I know the strlen function in assembly has been covered on the internet before, but I figured I’ve cover it again, just in case someone like myself were searching google for it ; here’s the code:
00404334 sub_404334 proc near
00404334 push edi
00404335 push eax
00404336 push ecx
00404337 mov edi, edx
00404339 xor eax, eax
0040433B repne scasb
0040433D jnz short loc_404341
0040433F not ecx
00404341 loc_404341:
00404341 pop eax
00404342 add ecx, eax
00404344 pop eax
00404345 pop edi
00404346 jmp sub_4041BC
00404346 sub_404334 endp
The inputs for this function come from edx and ecx, edx holds a pointer to our string (in this example, the string is the location of the windows directory, so I’m going to say it’s “C:\Windows”). Ecx holds the maximum length of the string, which is 256 in this example. This is important as ecx is used as a countdown while the string is checked. Let’s go line-by-line:
00404334 push edi
00404335 push eax
00404336 push ecx
These 3 lines just save the variables to the stack so they’re not overwritten, standard stuff.
00404337 mov edi, edx
00404339 xor eax, eax
edx (which is a LPCSTR to “C:\Windows”) is moved into edi (you’ll see why in a second). Eax is XOR’d with itself to reset it to 0. The next instructions will compare each character in the string with al, so essentially it’s searching for the NULL character ‘\0′
0040433B repne scasb
This instruction works from the beginning of edi, comparing each character of the string to whatever is in al (which is ‘\0′ or NULL right now). It decrements ecx for every character it compares (scans). If it does not find a match (repne – repeat-ne==Not Equal), it moves to the next character.
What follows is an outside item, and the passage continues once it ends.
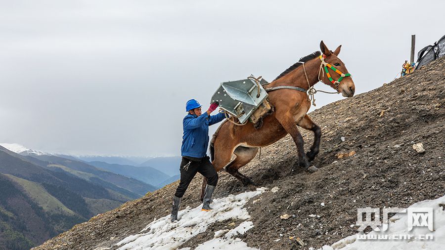 騾馬在海拔4000米的地方負重能力大幅下降,小伙子正幫助騾馬推一把力(央廣網發 通訊員供圖)
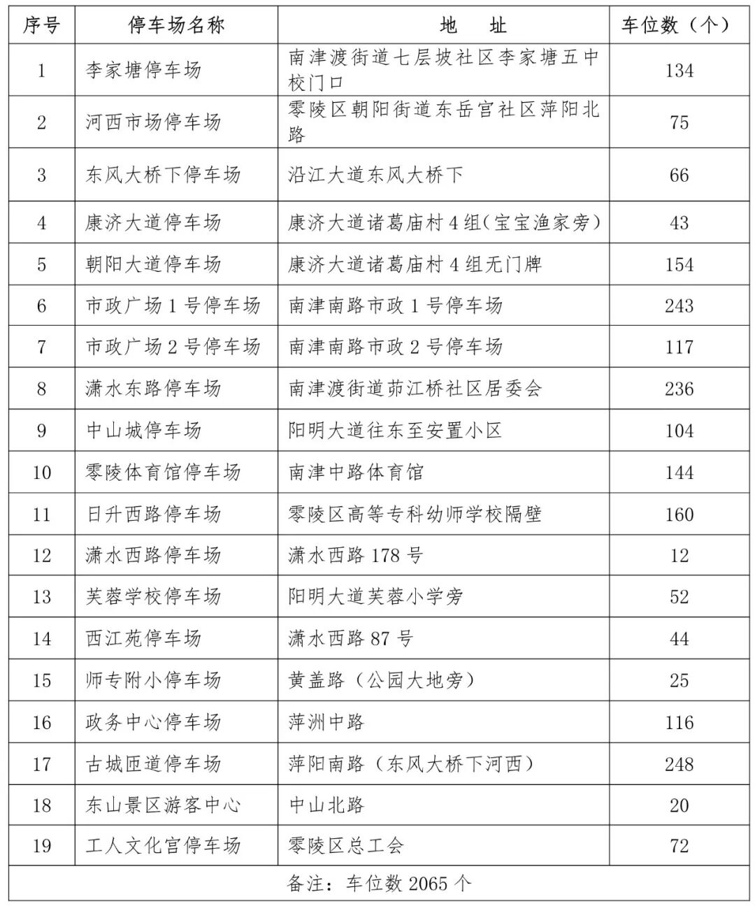 免费开放停车场名单

In our example “C:\Windows” (terminated by NULL, like a good string should), ecx will decrease from 256 to 246 (C – 256, : – 255, \ – 254, W – 253, i – 252, n – 251, d – 250, o – 249, w – 248, s – 247, \0 – 246)
0040433D jnz short loc_404341
If the end of the string was reached and there were not NULL bytes, jump to location 0x404341. In our example, it’s not jumped.
0040433F not ecx
Flip all the bits in ecx, since ecx will be treated as a signed number, this makes ecx = -ecx. Note that if the end of the string is reached (ecx = 0), this instruction would be skipped by the jump in the previous instruction. In our example however, ecx becomes -246 (or 0xFFFFFF09).
00404341 loc_404341:
00404341 pop eax
00404342 add ecx, eax
Ecx’s starting value (256, remember?) is popped back into eax. Eax is then added to ecx and the result is stored in ecx. Therefore:
eax = 256
ecx = ecx + eax
ecx = -246 + 256
ecx = 10
The length of the string now resides in ecx, we can restore our original registers and jump away in the ending instructions:
00404344 pop eax
00404345 pop edi
00404346 jmp sub_4041BC
And that, is one way to get the length of a string in assembly.